Agora que a Faculdade de Direito da Universidade de Brasília (UnB), no âmbito do projeto desenvolvido em parceria com o Instituto Nacional de Colonização e Reforma Agrária (INCRA), visa à oferta de turma especial de Mestrado em Direito para beneficiários do Programa Nacional de Educação na Reforma Agrária (Pronera), todos esses fundamentos começam a robustecer o projeto pedagógico que está sendo implantado.

Basta ver o objetivo geral do projeto, tal como enunciado na sua proposta, que é desenvolver uma Turma Especial no Curso de Mestrado em Direito do Programa de Pós-Graduação em Direito – PPGD da Faculdade de Direito – FD da Universidade de Brasília – UnB, em sistema de alternância, a fim de diplomar 30 (trinta) beneficiários e beneficiárias do Programa Nacional de Educação na Reforma Agrária – Pronera, como mestres e mestras em Direito.

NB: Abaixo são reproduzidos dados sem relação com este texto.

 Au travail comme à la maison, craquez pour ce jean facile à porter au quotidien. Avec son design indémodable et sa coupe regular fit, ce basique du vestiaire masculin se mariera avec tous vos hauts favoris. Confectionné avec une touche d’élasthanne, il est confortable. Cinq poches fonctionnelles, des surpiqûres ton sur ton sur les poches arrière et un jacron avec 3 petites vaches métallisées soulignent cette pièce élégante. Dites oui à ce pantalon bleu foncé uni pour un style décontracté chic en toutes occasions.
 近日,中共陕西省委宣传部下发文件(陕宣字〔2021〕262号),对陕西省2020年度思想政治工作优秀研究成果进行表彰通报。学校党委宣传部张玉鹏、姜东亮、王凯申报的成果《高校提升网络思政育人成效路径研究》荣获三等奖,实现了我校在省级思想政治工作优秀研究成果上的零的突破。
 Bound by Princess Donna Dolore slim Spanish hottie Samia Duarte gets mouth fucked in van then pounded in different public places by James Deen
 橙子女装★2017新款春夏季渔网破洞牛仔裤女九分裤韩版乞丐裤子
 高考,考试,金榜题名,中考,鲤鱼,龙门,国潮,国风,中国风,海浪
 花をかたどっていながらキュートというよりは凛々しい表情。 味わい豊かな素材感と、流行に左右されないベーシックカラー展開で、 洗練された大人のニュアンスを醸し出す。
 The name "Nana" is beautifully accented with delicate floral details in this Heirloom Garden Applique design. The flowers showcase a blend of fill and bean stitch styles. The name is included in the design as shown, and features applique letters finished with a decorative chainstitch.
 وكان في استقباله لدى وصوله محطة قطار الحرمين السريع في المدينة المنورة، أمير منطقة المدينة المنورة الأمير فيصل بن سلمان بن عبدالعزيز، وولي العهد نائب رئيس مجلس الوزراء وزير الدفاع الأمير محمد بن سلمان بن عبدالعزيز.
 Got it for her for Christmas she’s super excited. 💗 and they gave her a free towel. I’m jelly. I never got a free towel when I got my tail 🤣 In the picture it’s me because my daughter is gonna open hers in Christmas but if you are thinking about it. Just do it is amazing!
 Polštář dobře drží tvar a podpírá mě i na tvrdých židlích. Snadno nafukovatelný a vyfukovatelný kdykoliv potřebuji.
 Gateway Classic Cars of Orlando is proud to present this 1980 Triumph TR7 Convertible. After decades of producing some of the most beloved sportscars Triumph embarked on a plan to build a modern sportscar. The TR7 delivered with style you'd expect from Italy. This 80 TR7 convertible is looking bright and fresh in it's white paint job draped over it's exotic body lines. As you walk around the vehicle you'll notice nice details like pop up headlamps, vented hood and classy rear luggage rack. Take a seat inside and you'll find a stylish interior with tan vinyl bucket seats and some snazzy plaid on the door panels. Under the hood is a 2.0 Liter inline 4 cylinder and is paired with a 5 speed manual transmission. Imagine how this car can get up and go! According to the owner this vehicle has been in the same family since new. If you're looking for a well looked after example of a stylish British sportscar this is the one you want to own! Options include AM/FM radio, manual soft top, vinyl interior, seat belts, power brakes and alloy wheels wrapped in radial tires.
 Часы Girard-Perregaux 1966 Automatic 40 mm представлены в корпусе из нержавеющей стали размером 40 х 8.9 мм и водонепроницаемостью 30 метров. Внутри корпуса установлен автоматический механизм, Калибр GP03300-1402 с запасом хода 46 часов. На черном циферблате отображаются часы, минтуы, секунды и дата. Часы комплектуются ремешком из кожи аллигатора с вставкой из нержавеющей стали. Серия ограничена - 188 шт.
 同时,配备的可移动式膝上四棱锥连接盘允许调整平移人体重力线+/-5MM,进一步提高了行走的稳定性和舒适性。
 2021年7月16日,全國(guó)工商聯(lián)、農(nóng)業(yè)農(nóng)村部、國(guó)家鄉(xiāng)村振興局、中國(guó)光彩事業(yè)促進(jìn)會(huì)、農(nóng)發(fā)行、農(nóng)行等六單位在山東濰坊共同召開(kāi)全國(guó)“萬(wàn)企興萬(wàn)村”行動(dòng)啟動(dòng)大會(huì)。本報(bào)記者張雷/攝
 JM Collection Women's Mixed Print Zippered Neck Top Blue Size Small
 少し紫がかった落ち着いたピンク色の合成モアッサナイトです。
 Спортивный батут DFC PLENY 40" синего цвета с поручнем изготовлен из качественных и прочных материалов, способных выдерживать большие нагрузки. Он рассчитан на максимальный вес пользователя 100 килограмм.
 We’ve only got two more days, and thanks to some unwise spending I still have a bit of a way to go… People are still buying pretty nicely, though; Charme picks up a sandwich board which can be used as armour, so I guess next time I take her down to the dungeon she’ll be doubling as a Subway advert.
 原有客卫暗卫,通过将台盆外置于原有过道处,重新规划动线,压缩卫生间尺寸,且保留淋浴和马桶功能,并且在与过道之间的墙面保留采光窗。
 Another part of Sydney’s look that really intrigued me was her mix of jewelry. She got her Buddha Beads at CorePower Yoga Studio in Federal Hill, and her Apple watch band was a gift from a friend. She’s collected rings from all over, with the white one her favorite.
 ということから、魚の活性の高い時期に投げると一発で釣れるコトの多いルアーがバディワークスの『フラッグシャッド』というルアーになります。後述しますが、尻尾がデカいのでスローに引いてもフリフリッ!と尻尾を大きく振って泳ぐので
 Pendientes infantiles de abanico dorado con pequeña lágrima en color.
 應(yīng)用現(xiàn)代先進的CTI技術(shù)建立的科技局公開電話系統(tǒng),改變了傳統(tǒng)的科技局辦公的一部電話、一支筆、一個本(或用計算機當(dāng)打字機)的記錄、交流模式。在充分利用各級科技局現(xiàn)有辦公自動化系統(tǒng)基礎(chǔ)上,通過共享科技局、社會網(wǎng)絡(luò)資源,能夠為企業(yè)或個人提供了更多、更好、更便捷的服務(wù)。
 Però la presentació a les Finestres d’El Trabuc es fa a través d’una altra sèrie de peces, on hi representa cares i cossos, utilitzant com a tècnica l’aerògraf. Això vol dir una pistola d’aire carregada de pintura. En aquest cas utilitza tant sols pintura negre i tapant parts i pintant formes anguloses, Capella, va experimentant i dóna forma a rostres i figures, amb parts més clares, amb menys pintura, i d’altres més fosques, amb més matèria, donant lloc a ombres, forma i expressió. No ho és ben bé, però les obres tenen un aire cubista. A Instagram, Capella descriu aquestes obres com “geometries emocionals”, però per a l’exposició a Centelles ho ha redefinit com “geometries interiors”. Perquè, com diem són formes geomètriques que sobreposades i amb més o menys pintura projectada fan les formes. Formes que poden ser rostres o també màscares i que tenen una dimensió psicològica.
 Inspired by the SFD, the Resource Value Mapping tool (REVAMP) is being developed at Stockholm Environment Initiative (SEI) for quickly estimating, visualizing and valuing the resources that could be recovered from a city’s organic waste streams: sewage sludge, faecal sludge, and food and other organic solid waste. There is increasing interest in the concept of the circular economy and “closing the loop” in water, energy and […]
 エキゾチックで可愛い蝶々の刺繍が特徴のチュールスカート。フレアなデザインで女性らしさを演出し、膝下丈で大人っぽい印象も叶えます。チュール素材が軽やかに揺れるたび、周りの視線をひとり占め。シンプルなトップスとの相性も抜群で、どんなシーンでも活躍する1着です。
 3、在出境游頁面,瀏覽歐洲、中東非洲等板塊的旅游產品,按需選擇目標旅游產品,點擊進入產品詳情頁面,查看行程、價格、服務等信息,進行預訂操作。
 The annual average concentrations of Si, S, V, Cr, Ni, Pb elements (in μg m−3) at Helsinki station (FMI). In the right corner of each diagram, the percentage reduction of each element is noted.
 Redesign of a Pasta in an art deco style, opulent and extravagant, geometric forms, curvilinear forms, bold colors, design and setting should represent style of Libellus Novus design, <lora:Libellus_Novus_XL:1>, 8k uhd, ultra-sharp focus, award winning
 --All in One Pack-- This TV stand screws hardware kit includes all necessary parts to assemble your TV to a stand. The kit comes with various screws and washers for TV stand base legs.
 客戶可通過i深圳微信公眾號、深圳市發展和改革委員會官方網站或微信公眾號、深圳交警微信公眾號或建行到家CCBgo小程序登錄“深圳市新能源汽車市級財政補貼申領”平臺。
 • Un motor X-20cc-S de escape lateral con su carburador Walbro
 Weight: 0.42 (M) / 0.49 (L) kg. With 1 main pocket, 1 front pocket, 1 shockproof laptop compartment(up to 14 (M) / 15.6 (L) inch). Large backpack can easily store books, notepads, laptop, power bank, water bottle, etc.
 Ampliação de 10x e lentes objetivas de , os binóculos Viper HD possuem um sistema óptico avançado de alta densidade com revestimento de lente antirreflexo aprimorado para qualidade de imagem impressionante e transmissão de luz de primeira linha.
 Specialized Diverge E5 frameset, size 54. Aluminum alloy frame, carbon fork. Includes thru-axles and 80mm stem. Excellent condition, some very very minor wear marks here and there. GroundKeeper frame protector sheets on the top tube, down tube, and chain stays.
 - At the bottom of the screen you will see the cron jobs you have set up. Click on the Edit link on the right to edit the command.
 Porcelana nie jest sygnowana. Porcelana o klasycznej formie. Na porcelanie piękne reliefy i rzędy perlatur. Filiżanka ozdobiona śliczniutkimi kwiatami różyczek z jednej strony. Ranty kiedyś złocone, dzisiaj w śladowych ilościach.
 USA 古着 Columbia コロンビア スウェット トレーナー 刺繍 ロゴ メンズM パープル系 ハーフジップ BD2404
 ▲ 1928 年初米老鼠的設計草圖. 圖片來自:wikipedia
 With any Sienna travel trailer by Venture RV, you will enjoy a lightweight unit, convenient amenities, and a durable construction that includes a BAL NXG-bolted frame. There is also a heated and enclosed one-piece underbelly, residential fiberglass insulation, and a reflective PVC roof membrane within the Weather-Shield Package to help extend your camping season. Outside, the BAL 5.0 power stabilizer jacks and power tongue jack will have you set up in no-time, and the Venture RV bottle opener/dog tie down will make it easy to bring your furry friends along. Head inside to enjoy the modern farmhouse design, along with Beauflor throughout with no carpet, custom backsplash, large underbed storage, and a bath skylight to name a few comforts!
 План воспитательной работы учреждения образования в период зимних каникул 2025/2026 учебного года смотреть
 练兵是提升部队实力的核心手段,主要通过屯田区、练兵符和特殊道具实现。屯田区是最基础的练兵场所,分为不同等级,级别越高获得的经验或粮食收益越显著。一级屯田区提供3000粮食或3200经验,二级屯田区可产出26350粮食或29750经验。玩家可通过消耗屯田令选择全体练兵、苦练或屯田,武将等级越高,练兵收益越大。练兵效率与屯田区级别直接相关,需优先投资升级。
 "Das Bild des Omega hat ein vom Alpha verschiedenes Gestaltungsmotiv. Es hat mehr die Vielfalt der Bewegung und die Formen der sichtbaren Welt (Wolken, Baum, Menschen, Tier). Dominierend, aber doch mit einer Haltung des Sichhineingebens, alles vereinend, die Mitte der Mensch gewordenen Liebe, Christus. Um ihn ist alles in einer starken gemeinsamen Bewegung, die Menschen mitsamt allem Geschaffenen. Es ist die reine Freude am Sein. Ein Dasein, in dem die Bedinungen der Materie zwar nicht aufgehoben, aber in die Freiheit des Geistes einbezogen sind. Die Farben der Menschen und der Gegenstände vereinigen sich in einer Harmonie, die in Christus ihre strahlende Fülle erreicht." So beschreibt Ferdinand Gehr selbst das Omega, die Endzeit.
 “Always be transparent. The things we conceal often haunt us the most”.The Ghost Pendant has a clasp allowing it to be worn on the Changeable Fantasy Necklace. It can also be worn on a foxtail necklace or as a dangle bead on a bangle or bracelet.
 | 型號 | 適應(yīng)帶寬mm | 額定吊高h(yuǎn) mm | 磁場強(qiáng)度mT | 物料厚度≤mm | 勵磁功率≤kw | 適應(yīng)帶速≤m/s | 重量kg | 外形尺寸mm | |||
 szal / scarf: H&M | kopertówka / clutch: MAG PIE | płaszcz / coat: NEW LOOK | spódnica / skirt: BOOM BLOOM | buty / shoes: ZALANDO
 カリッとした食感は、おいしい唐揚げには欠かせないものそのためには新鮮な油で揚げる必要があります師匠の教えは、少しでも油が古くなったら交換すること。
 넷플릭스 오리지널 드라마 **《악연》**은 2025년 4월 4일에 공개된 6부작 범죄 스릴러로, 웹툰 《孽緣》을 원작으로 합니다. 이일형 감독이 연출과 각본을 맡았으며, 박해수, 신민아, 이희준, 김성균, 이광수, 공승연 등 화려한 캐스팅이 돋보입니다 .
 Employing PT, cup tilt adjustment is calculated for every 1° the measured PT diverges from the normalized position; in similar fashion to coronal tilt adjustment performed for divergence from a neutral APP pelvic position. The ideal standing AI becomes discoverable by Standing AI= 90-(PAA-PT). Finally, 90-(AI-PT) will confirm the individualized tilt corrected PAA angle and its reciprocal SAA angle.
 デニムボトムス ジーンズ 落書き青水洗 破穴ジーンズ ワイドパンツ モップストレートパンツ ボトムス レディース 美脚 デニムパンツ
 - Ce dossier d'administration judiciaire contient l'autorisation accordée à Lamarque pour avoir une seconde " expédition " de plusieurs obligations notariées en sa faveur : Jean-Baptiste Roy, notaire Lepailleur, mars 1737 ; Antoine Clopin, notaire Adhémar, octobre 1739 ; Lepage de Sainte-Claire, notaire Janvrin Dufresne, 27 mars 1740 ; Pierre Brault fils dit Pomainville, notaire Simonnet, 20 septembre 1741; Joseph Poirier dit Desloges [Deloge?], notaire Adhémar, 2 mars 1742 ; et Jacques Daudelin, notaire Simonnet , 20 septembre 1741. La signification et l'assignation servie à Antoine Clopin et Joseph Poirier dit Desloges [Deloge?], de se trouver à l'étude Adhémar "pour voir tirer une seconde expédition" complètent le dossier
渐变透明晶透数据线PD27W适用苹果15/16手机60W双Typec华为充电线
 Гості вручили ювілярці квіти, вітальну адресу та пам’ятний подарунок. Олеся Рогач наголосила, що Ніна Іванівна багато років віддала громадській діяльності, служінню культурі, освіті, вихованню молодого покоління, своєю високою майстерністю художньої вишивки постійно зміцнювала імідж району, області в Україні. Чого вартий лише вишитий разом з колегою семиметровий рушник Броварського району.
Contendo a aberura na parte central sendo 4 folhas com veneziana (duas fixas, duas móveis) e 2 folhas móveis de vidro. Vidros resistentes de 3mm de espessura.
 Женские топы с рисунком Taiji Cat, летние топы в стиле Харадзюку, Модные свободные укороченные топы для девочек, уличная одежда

A proposta de criação da primeira Turma Especial de Mestrado em Direito no âmbito do PRONERA representa um marco histórico na democratização do acesso à pós-graduação stricto sensu e na consolidação da Educação do Campo como projeto político-pedagógico comprometido com a transformação social. Vinculada à tradição crítica da Faculdade de Direito da Universidade de Brasília, a iniciativa busca formar mestres e mestras em Direito oriundos dos territórios da reforma agrária, articulando produção de conhecimento, acesso à justiça e fortalecimento dos sujeitos coletivos do campo.

Mais do que qualificação acadêmica, o curso afirma a centralidade do direito como espaço estratégico de disputa democrática e efetivação de direitos historicamente negados às populações camponesas, indígenas, quilombolas e das águas e florestas. Ao adotar a pedagogia da alternância e dialogar com a experiência acumulada pelas turmas de graduação em Direito do PRONERA, a proposta reconhece os movimentos sociais e os povos do campo como produtores de conhecimento e protagonistas de processos emancipatórios. Nesse sentido, o mestrado consolida uma trajetória construída entre universidade pública, reforma agrária e educação popular, fortalecendo a formação de quadros intelectuais comprometidos com os direitos humanos, a democracia, a função social da terra e a construção de um projeto de sociedade orientado pela justiça social e pela soberania popular.

A contribuição de Mônica Castagna Molina e de toda a sua elaboração teórica e político-pedagógica serão, certamente requisitadas para oferecer a esta proposta, fundamentos histórico, epistemológico e ético de uma concepção emancipatória de universidade, na qual a formação jurídica se realiza como prática democrática de produção de conhecimento comprometida com os sujeitos coletivos do campo, com a efetivação de direitos e com a transformação social.